TodoMVC with Thymeleaf and HTMX

Posted at — Oct 4, 2021
Taming Thymeleaf cover
Interested in learning more about Thymeleaf? Check out my book Taming Thymeleaf. The book combines all of my Thymeleaf knowledge into an easy to follow step-by-step guide.

In TodoMVC with Spring Boot and Thymeleaf, we implemented a TodoMVC clone using Spring MVC and Thymeleaf. In such a setup, each action triggers a page refresh. While this works just fine, you might want to give a more Single Page Application (SPA) spice to the experience and avoid page refreshes. This blog post will show how to use HTMX to accomplish this.

What is HTMX?

HTMX is a JavaScript library that allows to trigger AJAX calls directly in HTML by adding attributes on HTML elements.

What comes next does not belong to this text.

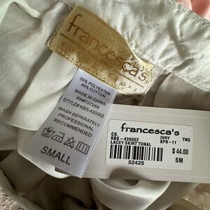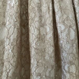 Francesca’s Cream lace pleated lace mini skirt with satin waist. Fully lined with a zip closure. New with tags. Size small.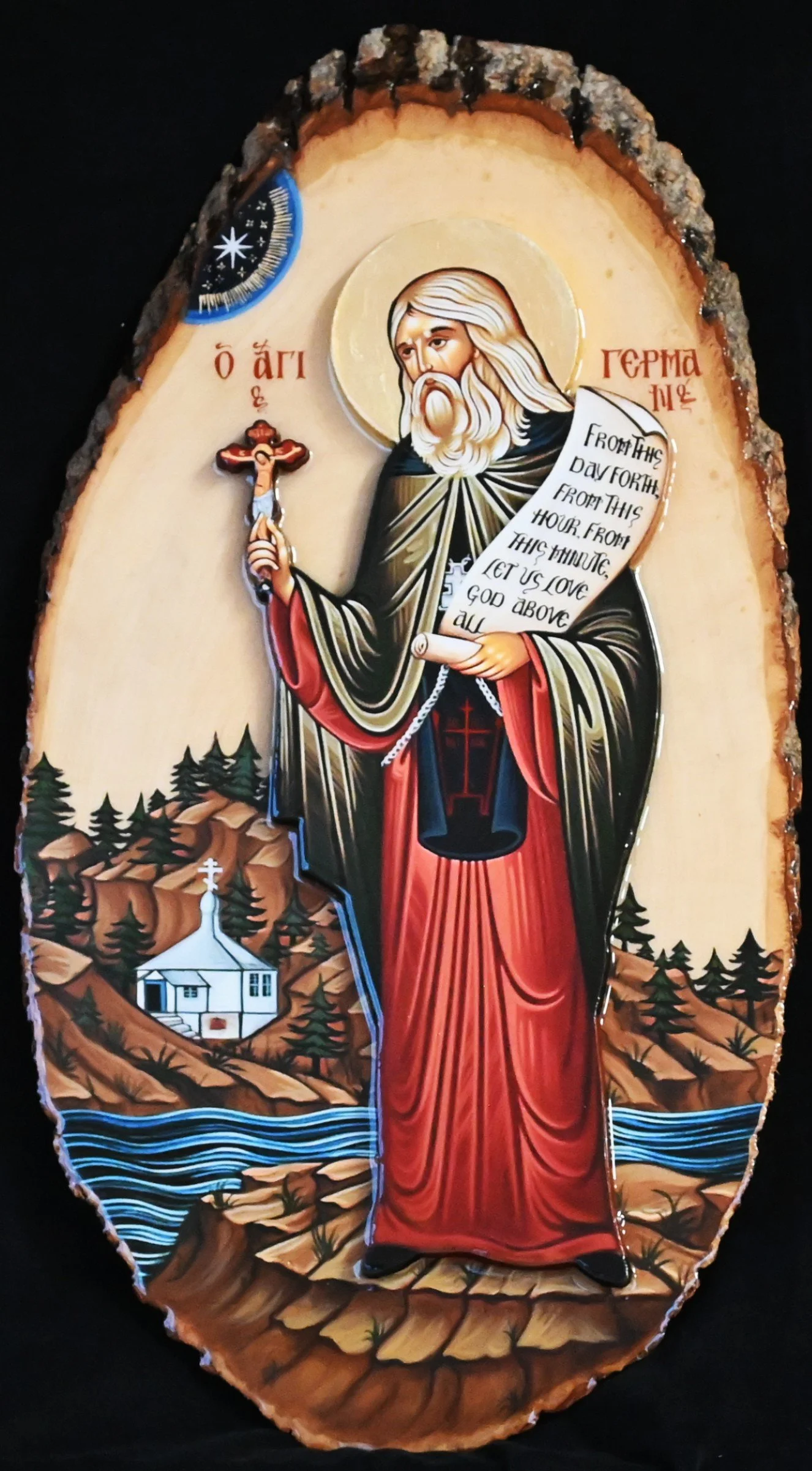 SOLD #WD8 SAINT HERMAN OF ALASKA $275 DESCRIPTION: The icon’s scenic background is mounted on an elongated wood trunk slice (9 ½” x 19”). The figure of the Saint is cutout and mounted onto the board producing a 3-dimensional effect. Details of gold and silver leaf accent the icon. The original was hand-painted by Gerontissa Theophano. BACKGROUND: Click on the icon to read about the Saint.

A very simple example, straight from their homepage:

<button hx-post="/clicked" hx-swap="outerHTML">
    Click Me
</button>

When the button is clicked, a HTTP POST is done on /clicked and the response will replace the <button> element in the DOM with the HTML response of that call.

So, with HTMX, you are not building a JSON API, but an API that returns HTML fragments.

You can find some nice examples of what HTMX can do on the website: https://htmx.org/examples/

We will start from the final code at todomvc-thymeleaf and gradually add functionality using HTMX.

Add HTMX to the project

Add htmx to the Spring Boot project, by adding the webjars Maven dependency:

<dependency>
    <groupId>org.webjars.npm</groupId>
    <artifactId>htmx.org</artifactId>
    <version>1.6.0</version>
</dependency>

In the index.html, add the reference to the library:

<script type="text/javascript" th:src="@{/webjars/htmx.org/dist/htmx.min.js}"></script>

HTMX boosting

One of the easiest ways to get started is "boosting" regular HTML anchors and forms using hx-boost. We can add hx-boost to the top-level element of our page, and HTMX will intercept the form submits, turn them into AJAX requests and use the response HTML to dynamically change the current page without a page refresh. There is no need to change anything on the server side, the redirects can just stay in place. HTMX will handle them properly.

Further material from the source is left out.